Kondisi Jakarta dengan segudang persoalan seperti banjir, kemacetan, polusi udara dan air,  serta masalah lainnya. Belum sepenuhnya bisa teratasi, bahkan semakin meningkat dari tahun ke tahun. Isu ini memunculkan gagasan pemindahan ibu kota.

Sebagaimana pernyataan ini disampaikan oleh presiden RI Joko Widodo saat jumpa pers di Istana Negara. Pernyataan tersebut adalah keputusan presiden RI Joko Widodo dalam rencana pemindahan ibu kota Negara. Pemilihan kawasan Kalimantan. Dilansir dari katadata.co.id (26/8/2019).

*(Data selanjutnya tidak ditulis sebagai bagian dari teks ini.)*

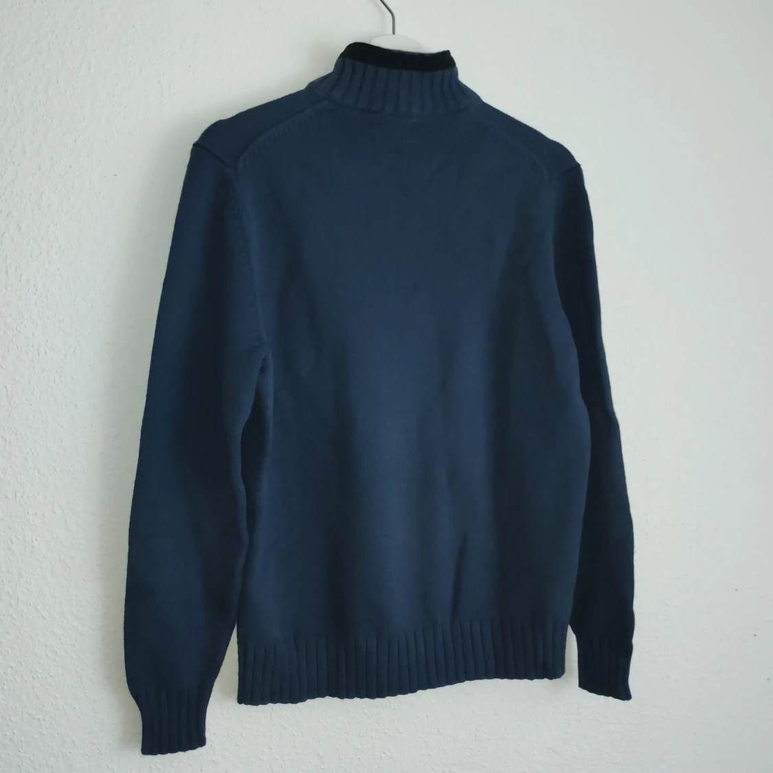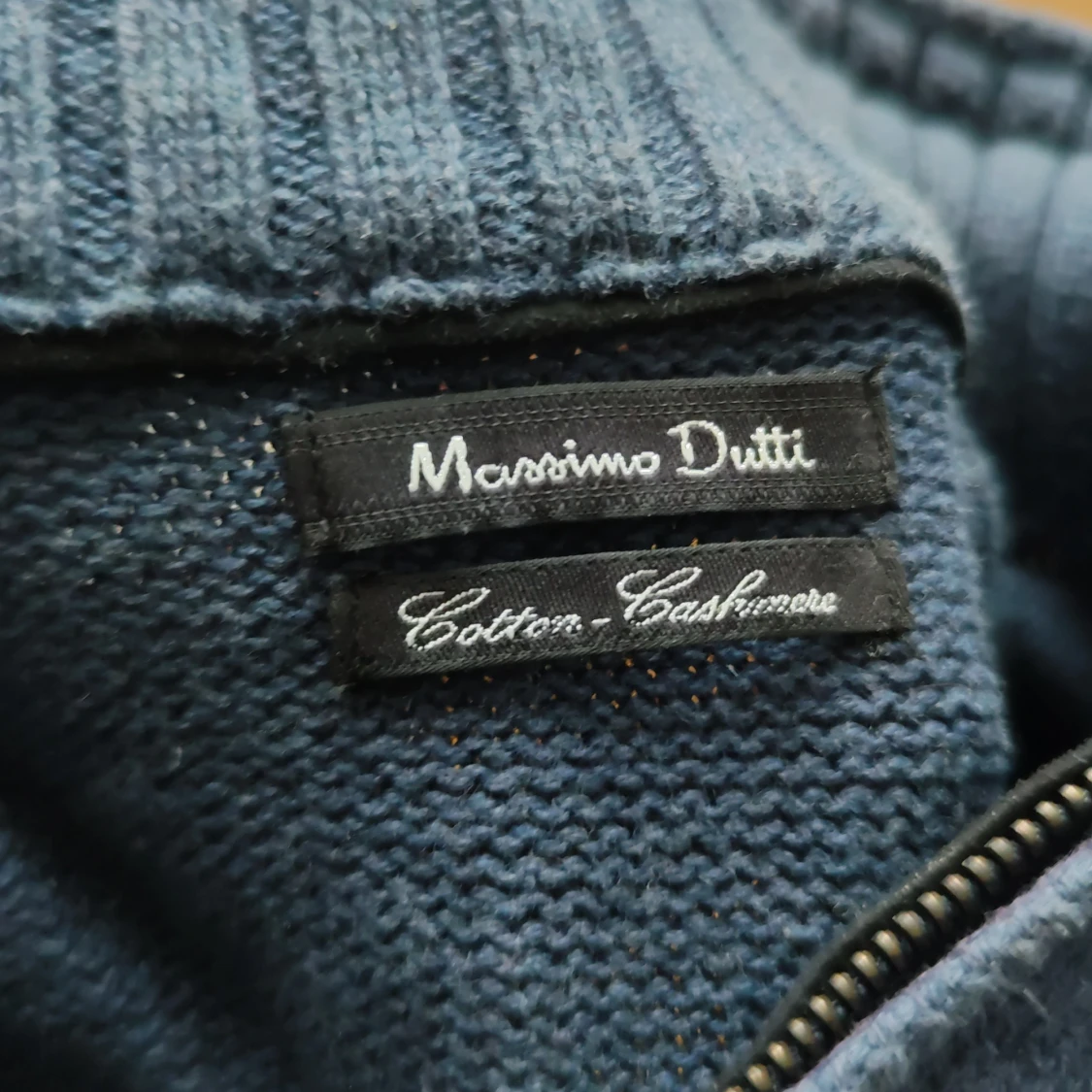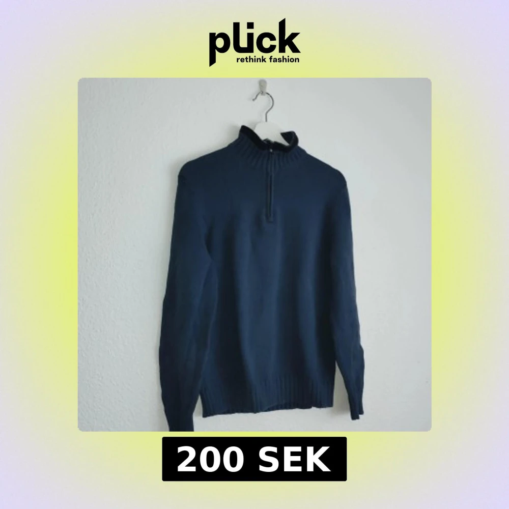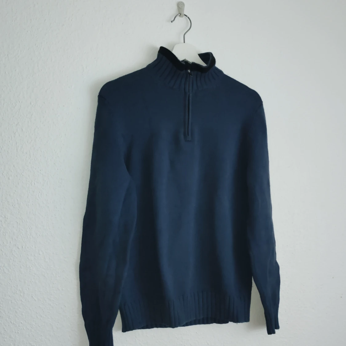 Säljer en stilren mörkblå tröja från Massimo Dutti i en mjuk blandning av bomull och kashmir. Tröjan har en hög krage med dragkedja och långa ärmar. Perfekt för kyligare dagar.

Solusikah ibu kota negara pindah?

Padatnya penduduk wilayah kota Jakarta dan penanganan yang pragmatis memunculkan berbagai persoalan sosial. Seperti, kemiskinan, pengangguran dan pergaulan bebas yang berujung pada tindak kriminalitas. Apakah dengan pemindahan ibu kota negara merupakan sebuah solusi? Apakah rakyat akan terbebas dari persoalan tersebut? 

Dalam segi pendanaan pemerintah hanya mampu meng _cover_ 19 persen dari total dana yang dibutuhkan (Rp 466 triliun). Selebihnya pembangunan diserahkan kepada swasta. Pemerintah hanya bayar hak sewa saja, dengan kata lain "ngontrak" dilahan sendiri. Sebuah ironi bukan?

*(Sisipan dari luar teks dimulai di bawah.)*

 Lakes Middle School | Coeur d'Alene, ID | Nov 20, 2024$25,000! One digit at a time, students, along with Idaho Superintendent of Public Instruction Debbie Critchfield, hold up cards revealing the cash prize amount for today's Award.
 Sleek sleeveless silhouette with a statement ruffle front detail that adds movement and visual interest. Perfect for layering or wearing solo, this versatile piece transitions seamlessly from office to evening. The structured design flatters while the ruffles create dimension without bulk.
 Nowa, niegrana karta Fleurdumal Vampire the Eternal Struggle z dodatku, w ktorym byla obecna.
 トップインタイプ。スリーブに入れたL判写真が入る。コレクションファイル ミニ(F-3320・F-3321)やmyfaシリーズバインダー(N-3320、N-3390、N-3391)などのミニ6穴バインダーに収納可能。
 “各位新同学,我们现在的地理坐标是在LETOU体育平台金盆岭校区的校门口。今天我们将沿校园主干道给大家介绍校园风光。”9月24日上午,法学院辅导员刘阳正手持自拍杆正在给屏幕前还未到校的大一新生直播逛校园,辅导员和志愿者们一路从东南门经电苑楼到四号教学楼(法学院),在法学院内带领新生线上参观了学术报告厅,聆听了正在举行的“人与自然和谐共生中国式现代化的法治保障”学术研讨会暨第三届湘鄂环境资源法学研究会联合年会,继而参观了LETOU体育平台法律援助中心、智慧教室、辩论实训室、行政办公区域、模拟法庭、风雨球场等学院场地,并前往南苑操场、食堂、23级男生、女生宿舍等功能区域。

Adalah peluang emas bagi para kapitalis untuk mengambil kesempatan ini untuk berbisnis. Dengan tujuan memperoleh banyak keuntungan. Karena pembangunan infrastruktur adalah hal utama yang diperlukan pada awal pemindahan ibu kota. Tak peduli dampak yang ditimbulkan akan merugikan rakyat. Berbagai persoalan pun muncul ke permukaan. Dan pemerintah mengabaikan pemenuhan keperluan rakyatnya.

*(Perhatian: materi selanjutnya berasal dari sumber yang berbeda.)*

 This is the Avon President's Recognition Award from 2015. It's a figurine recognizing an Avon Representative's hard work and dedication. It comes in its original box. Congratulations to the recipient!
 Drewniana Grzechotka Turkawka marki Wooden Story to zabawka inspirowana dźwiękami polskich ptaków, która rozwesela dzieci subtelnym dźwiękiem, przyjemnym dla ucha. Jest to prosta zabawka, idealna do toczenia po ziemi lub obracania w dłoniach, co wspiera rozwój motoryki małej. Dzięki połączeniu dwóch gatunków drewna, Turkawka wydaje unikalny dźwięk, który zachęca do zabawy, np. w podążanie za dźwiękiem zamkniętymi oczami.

Beban Masyarakat Meningkat

Beban Jakarta yang sudah semakin banyak, ternyata telah menulari kota besar lainnya termasuk Kalimantan Timur. Banjir yang terjadi berhari-hari pada beberapa bulan yang lalu, dan ceruk-ceruk menganga sisa galian tambang batu bara yang berubah menjadi danau merenggut nyawa warga setempat. Karena lokasi galian yang dekat dengan pemukiman warga. Asap akibat kebakaran hutan yang menjadi langganan, polusi udara dan krisis air bersih. Inilah sederet  persoalan yang terjadi di pulau Borneo. Ditambah persoalan di pulau-pulau lain yang belum teratasi. Apalagi dengan pemindahan ibu kota negara hampir dipastikan akan menambah beban persoalan.

Penggunaan konsep batil sekularisme kapitalisme _good governance_ khusus KPBU (Kemitraan Pemerintah dan Badan Usaha) yang disertai agenda hegemoni RI 4.0 dan Climate Change  yang akan diwujudkan dalam bentuk ibu kota negara berkonsep _smart_ , _green_ , dan _beauty city_ bagi peningkatan kompetisi regional maupun internasional dapat dipastikan semua ini hanyalah menjadi beban baru bagi bumi Borneo dan Indonesia.  Sementara itu bayang-bayang konflik agraria yang sering berujung kekerasan fisik dan kematian pun di depan mata. Demikian pula deforestasi dengan sejumlah persoalan seriusnya. Di samping arus _massive_ nilai dan budaya sekularisme kapitalisme di tengah-tengah masyarakat.

Islam Solusi Tunggal

Tak ada yang mampu menyelesaikan berbagai persoalan yang terjadi dari desa hingga kota besar selain dengan Islam. Carut marutnya persoalan ibu kota maupun desa berakar dari sistem kapitalistik yang mencari keuntungan sebesar-besarnya tanpa memperhatikan dampak yang akan terjadi. Negara pun hanya sebagai regulator bukan periayah umat. Bahkan negara berperan sebagai pebisnis yang menjual kebutuhan hidup kepada rakyatnya sendiri.

Sedangkan Islam aturan yang berasal dari Sang Pengatur sekaligus Sang Pencipta yaitu Allah Swt Islam datang menyelesaikan problematika umat. Peradaban Islam telah menggoreskan tinta emas dalam perjalanan kehidupan manusia di segala aspek kemajuan ilmu pengetahuan hingga kesejahteraan menjadi peradaban gemilang pada saat itu.

Lantas solusi dari hulu ke hilir hanya dapat teratasi dengan diterapkannya aturan Islam yaitu syariah Islam dalam bingkai negara, Daulah Khilafah Islamiyah.